The present invention provides a method for individually optimizing drug therapy to a patient. The method includes the steps of administering a dose of a radiolabeled drug or fluorescent tags or drugs with inherent fluorescent properties to the patient in connection with chemotherapy, collecting a sample from the patient, analyzing the sample producing an analysis, and using the analysis for developing a model for the patient. The present invention provides a methodology to individually optimize drug therapy for disease treatment. The present invention also provides a methodology that can be used to discover novel genes involved in drug absorption, distribution, metabolism, action and elimination.

In one embodiment the present invention involves administration of a miniscule quantum of a radiolabeled, or otherwise labeled, drug or drug cocktail, followed by a few repeated blood samplings and analysis of the sample by accelerator mass spectrometry (AMS) or technology appropriate for the physical-chemical properties of the labeled drug.
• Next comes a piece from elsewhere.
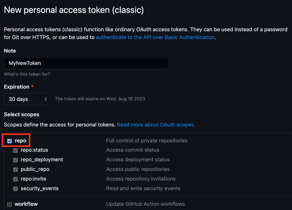 Select the scopes to grant to this token. To use your token to access repositories from the command line, select repo. A token with no assigned scopes can only access public information.

Blood samples are collected by veinopuncture, biopsy or pin prick and may or may not, depending on the diagnostic test, be separated into individual drug metabolites by an appropriate separatory technique prior to analysis. The quantity of drug or drug metabolite will be indicated by the AMS or other analysis. This analysis will indicate the key drug dose and dosing interval to be used in treating a patient. One step in the diagnosis is the use of very low levels of labeled drug followed by analysis with an accelerator mass spectrometer or other technique and conversion of the data to a “concentration×time” curve which a clinician can use to prescribe the correct drug type, dose and dosing interval needed to attain the optimal therapeutic dose at the target site. The method constitutes a rapid cost effective approach to individually tailor drug therapy, screen for therapy effectiveness and minimizes side effects resulting from drug therapy.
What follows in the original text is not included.